> _TASK DESCRIPTION_: The reply should hold every line of the listing exactly, and none of its images.

> _SOURCE DATA_:
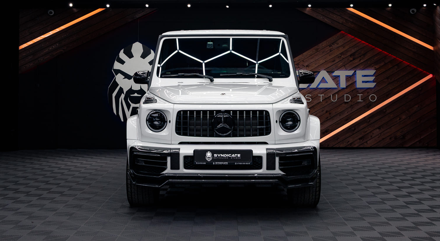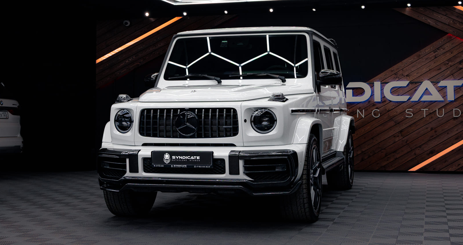 Во Владивостоке мы установили наш обвес на белый Mercedes-Benz G63 W463 вместе с партнёрами Syndicate Detailing Studio.
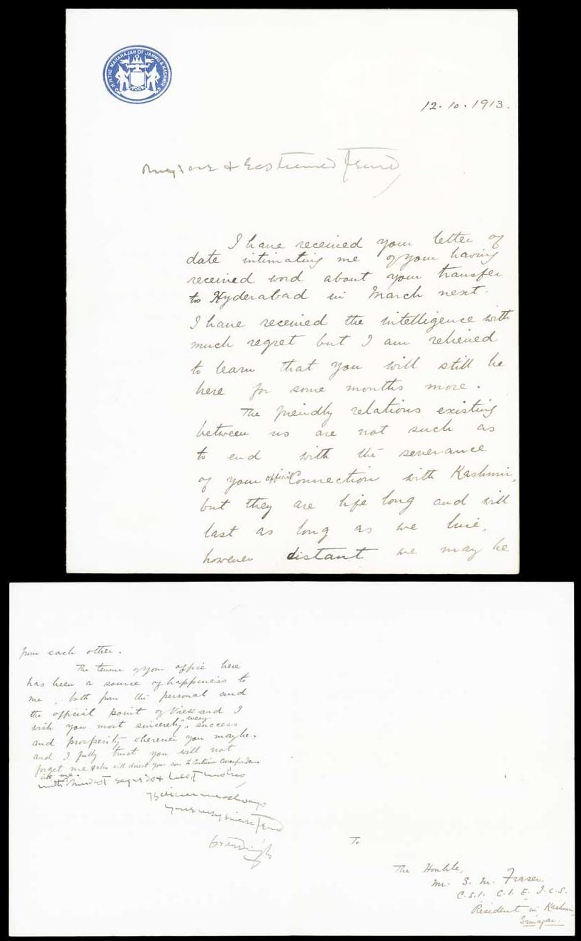 1913 (12 October) secretarial letter from the Maharaja of Jammu and Kashmir on the palace letterhead. The letter notes with regret Sir Stuart's pending transfer to Hyderabad. "My dear & Esteemed Friend" and concludes in the hand of the Maharaja and sent when Sir Stuart Fraser was the Resident in Kashmir. Photo
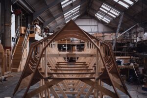 No timber is wasted, Sykes ensures every offcut is either resold in their onsite hobby shop or used to heat their offices and mills in wood boilers, sawdust is collected by local farms for livestock bedding. At Spirit Yachts, any unused wood is donated to local boatbuilding colleges and charity projects.

> _TASK ANSWER_:
 Во Владивостоке мы установили наш обвес на белый Mercedes-Benz G63 W463 вместе с партнёрами Syndicate Detailing Studio.
 1913 (12 October) secretarial letter from the Maharaja of Jammu and Kashmir on the palace letterhead. The letter notes with regret Sir Stuart's pending transfer to Hyderabad. "My dear & Esteemed Friend" and concludes in the hand of the Maharaja and sent when Sir Stuart Fraser was the Resident in Kashmir. Photo
 No timber is wasted, Sykes ensures every offcut is either resold in their onsite hobby shop or used to heat their offices and mills in wood boilers, sawdust is collected by local farms for livestock bedding. At Spirit Yachts, any unused wood is donated to local boatbuilding colleges and charity projects.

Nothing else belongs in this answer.